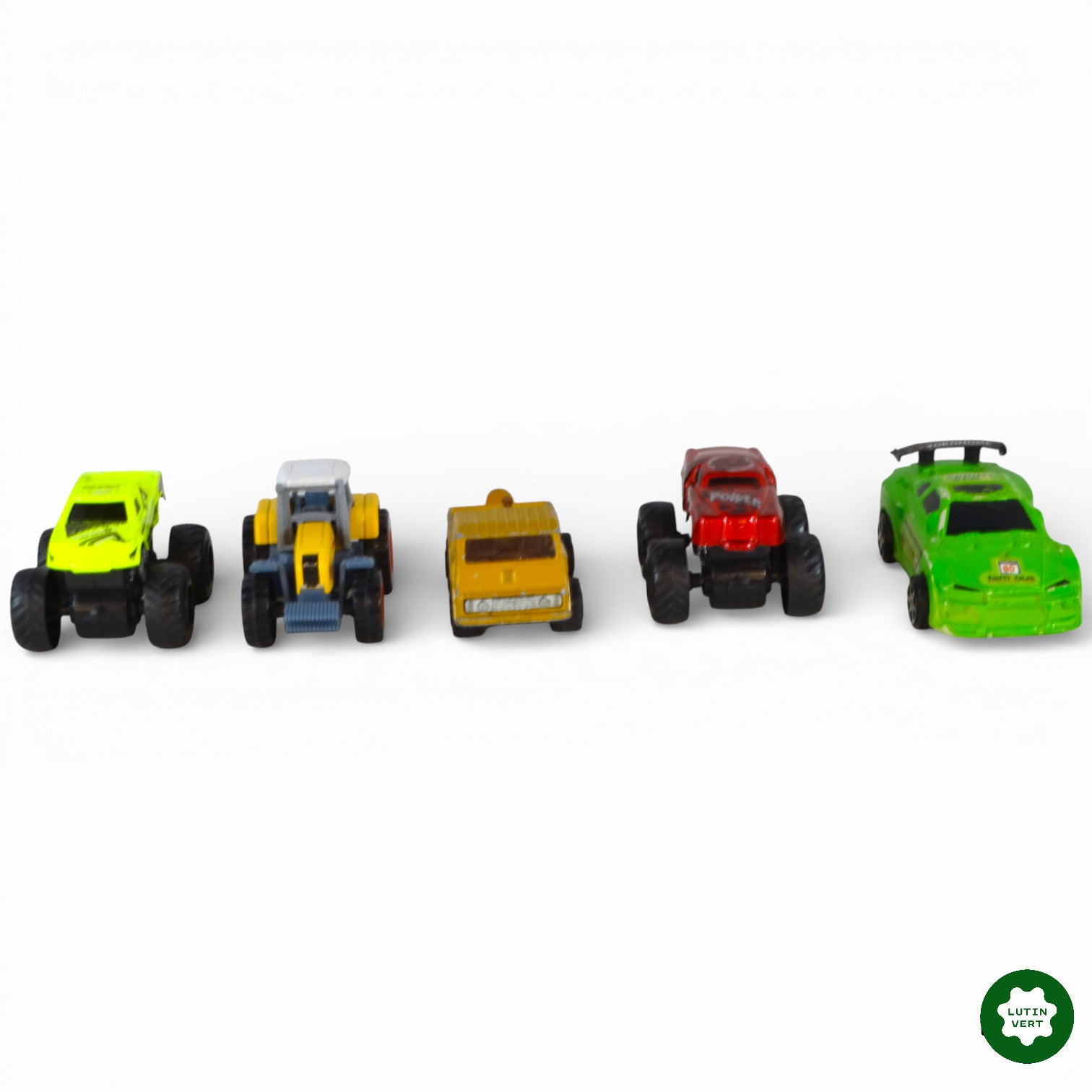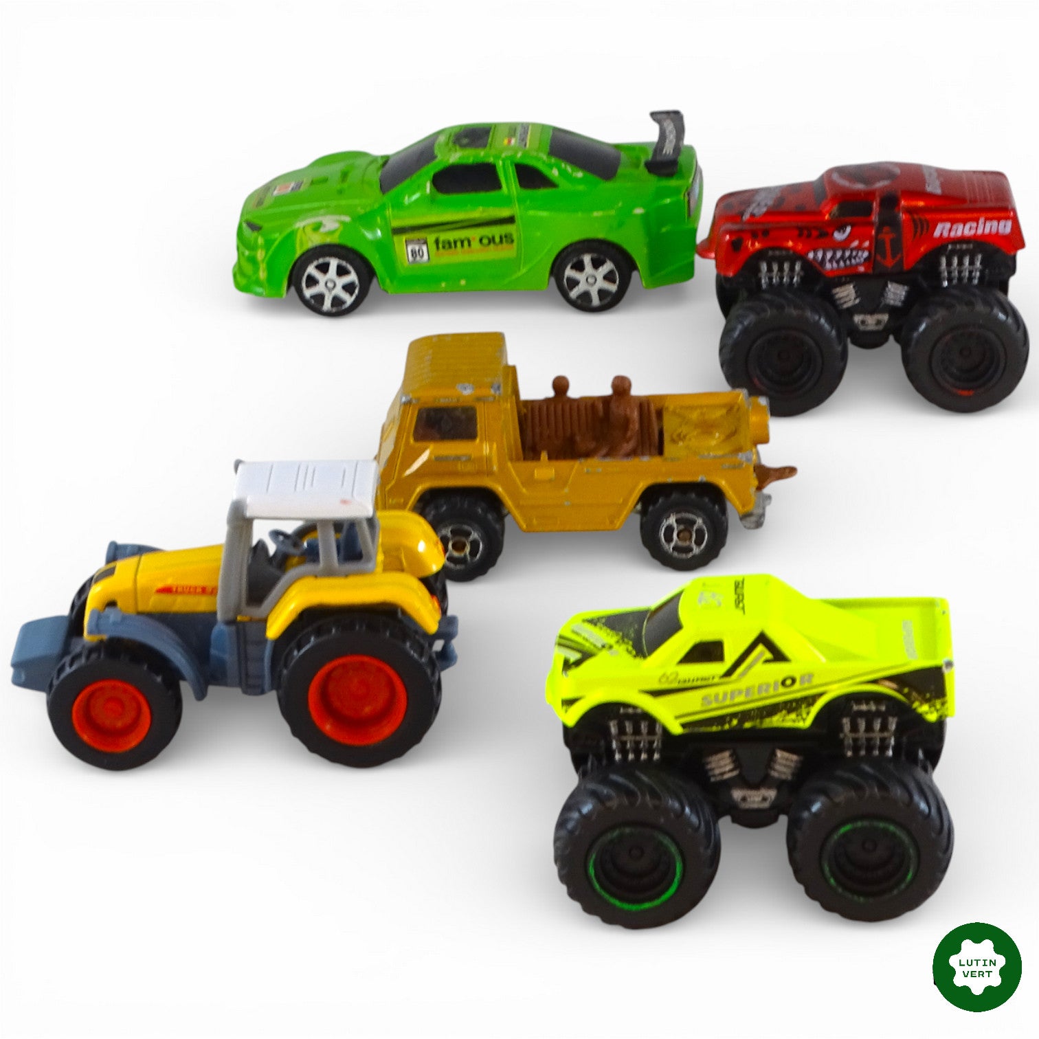Comprenant 1 tracteur, 1 voiture de sport, 1 voiture de course, 1 voiture Latino gangsta et 1 van.
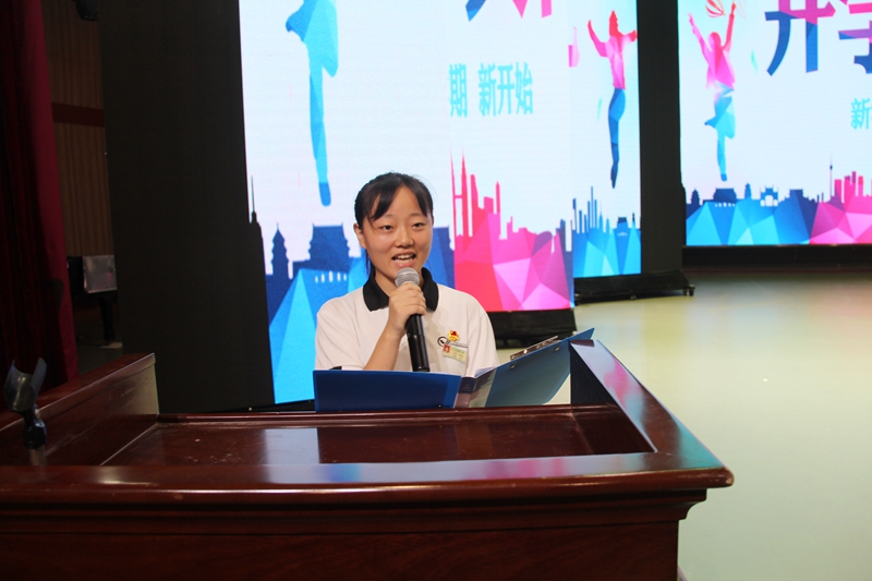 刘满莹老师作教师代表发言,她表示新学期将会秉承学校“学高为师,德高为范”的古训,踏实做好自己的本职工作,关注学生成长,关心学校发展,并对学生提出几点建议,希望同学们能做一个有目标导向、持之以恒、懂得拒绝诱惑的人。随后,1607班唐思鸿同学作学生代表发言。
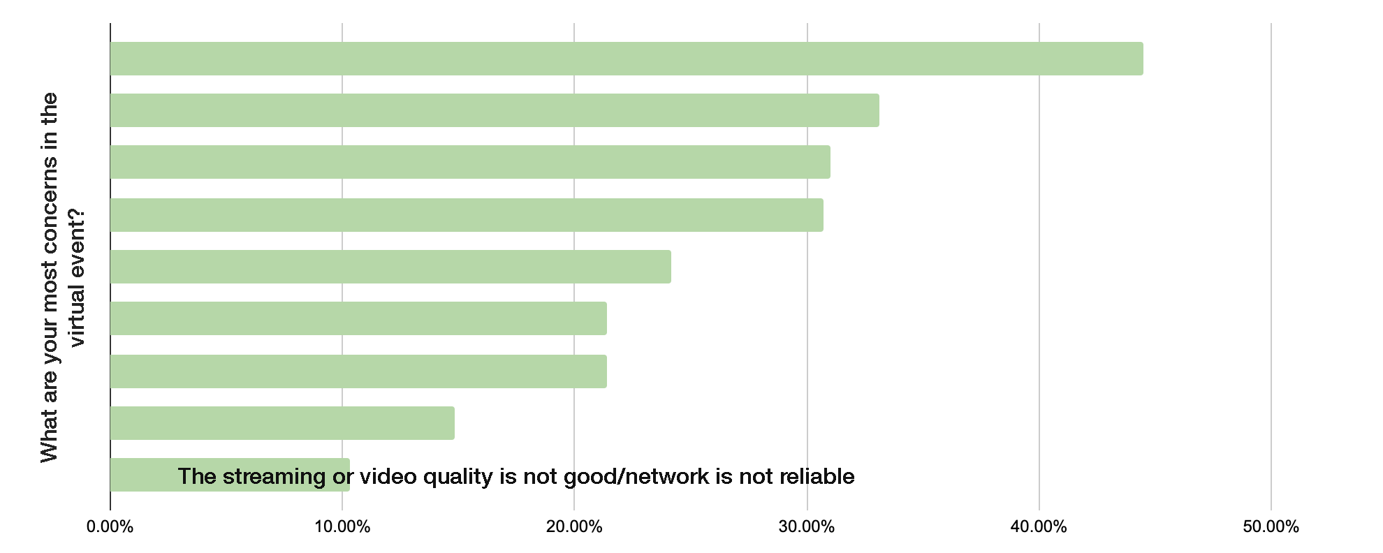 <Survey results show the network condition is attendees’ least concerned problem in a virtual conference>
▬▬▬
▶ WORK INSTRUCTION
What you return should be the full listing, unchanged, minus the pictures.

▶ RESPONSE TO THIS EXERCISE
Comprenant 1 tracteur, 1 voiture de sport, 1 voiture de course, 1 voiture Latino gangsta et 1 van.
 刘满莹老师作教师代表发言,她表示新学期将会秉承学校“学高为师,德高为范”的古训,踏实做好自己的本职工作,关注学生成长,关心学校发展,并对学生提出几点建议,希望同学们能做一个有目标导向、持之以恒、懂得拒绝诱惑的人。随后,1607班唐思鸿同学作学生代表发言。
 <Survey results show the network condition is attendees’ least concerned problem in a virtual conference>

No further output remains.